**SUPPLIED RECORDS:**

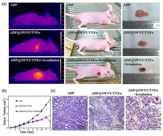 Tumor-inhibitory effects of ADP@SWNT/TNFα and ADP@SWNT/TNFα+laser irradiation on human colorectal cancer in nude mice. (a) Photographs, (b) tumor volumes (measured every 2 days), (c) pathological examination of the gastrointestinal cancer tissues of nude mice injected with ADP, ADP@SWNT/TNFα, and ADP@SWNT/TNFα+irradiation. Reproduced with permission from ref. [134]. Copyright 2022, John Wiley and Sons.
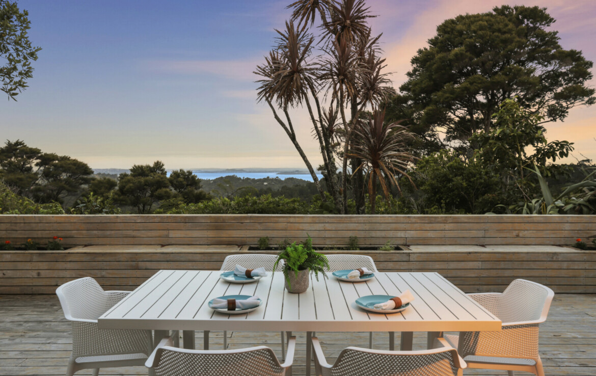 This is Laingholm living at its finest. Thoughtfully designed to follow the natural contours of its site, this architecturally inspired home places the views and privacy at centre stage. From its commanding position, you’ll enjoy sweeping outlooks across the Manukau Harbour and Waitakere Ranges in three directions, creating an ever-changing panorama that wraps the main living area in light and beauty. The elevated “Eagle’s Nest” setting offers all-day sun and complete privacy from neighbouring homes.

...

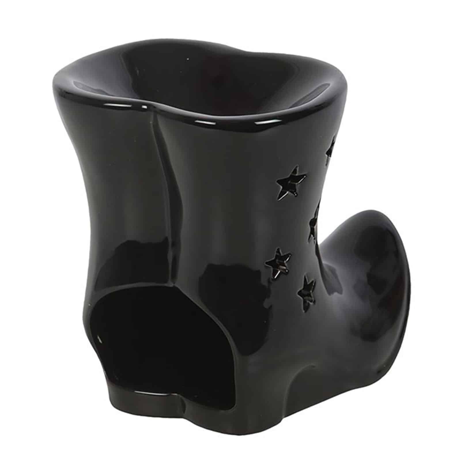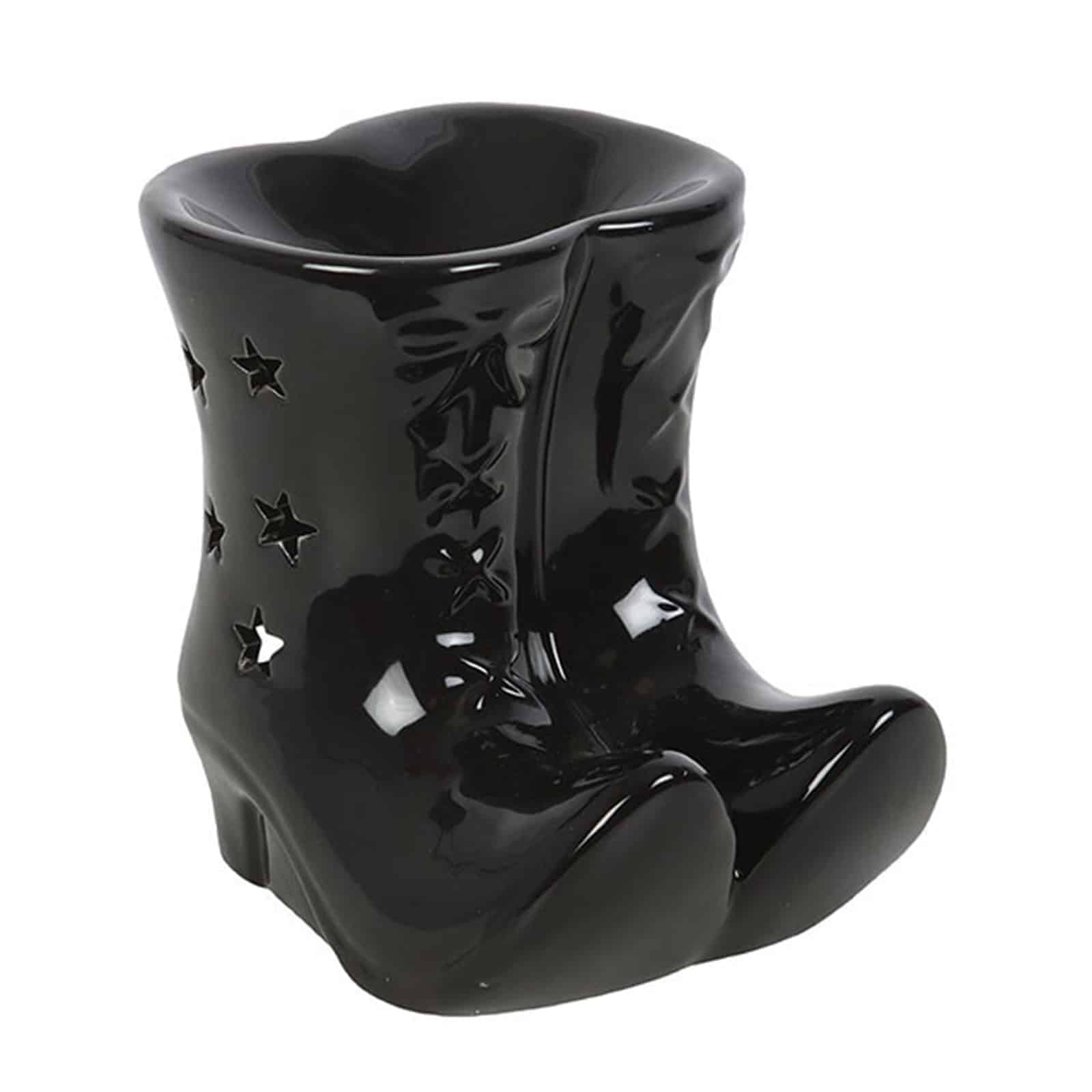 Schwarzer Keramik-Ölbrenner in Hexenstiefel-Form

==

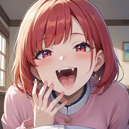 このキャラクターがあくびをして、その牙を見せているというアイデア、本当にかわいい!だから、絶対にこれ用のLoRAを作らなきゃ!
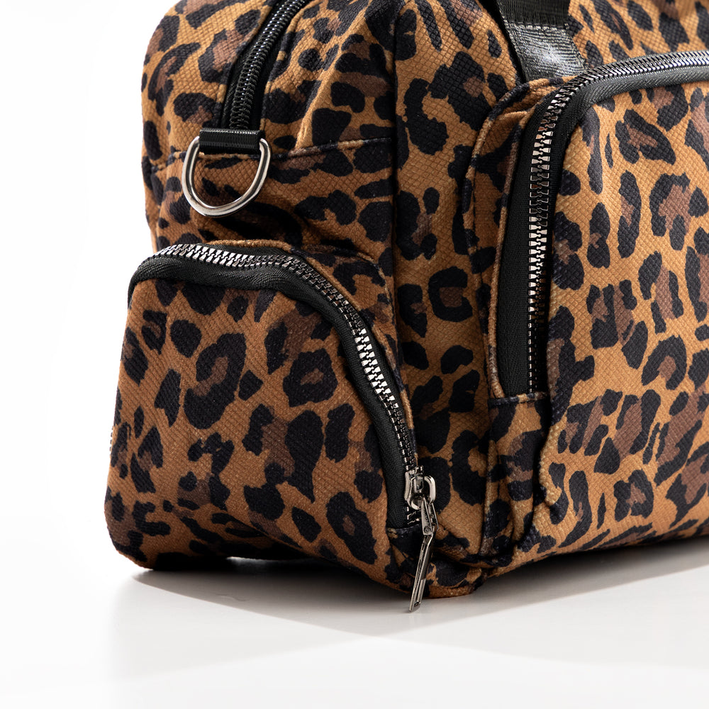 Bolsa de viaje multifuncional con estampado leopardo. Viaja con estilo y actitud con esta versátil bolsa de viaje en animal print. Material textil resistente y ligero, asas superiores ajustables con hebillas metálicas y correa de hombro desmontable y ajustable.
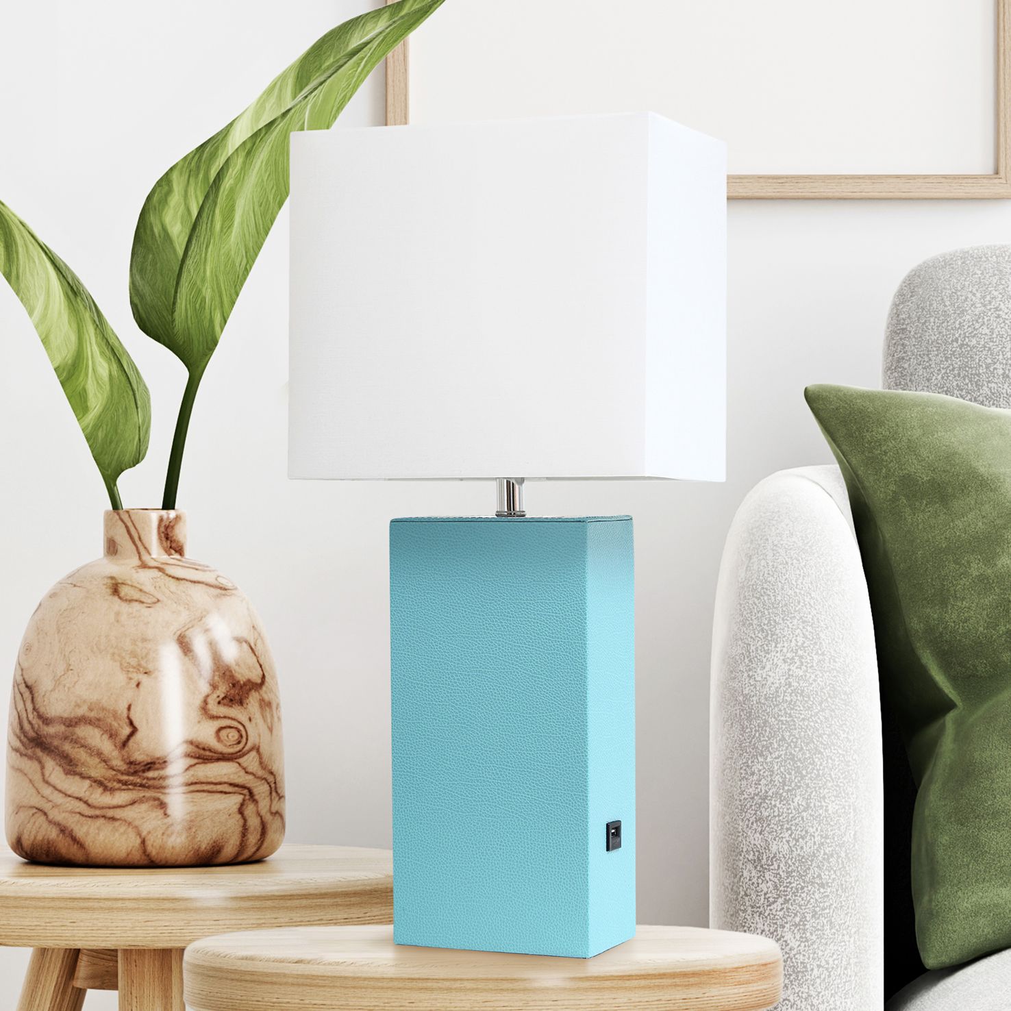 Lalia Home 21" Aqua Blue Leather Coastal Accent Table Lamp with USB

**WHAT IS BEING ASKED:**
Within the listing above, the stretch from the line with "Tumor-inhibitory effects of" down to the line with "This is Laingholm" is to be given again exactly, end lines included and pictures excluded.

**SOLUTION TO THIS TASK:**
 Tumor-inhibitory effects of ADP@SWNT/TNFα and ADP@SWNT/TNFα+laser irradiation on human colorectal cancer in nude mice. (a) Photographs, (b) tumor volumes (measured every 2 days), (c) pathological examination of the gastrointestinal cancer tissues of nude mice injected with ADP, ADP@SWNT/TNFα, and ADP@SWNT/TNFα+irradiation. Reproduced with permission from ref. [134]. Copyright 2022, John Wiley and Sons.
 This is Laingholm living at its finest. Thoughtfully designed to follow the natural contours of its site, this architecturally inspired home places the views and privacy at centre stage. From its commanding position, you’ll enjoy sweeping outlooks across the Manukau Harbour and Waitakere Ranges in three directions, creating an ever-changing panorama that wraps the main living area in light and beauty. The elevated “Eagle’s Nest” setting offers all-day sun and complete privacy from neighbouring homes.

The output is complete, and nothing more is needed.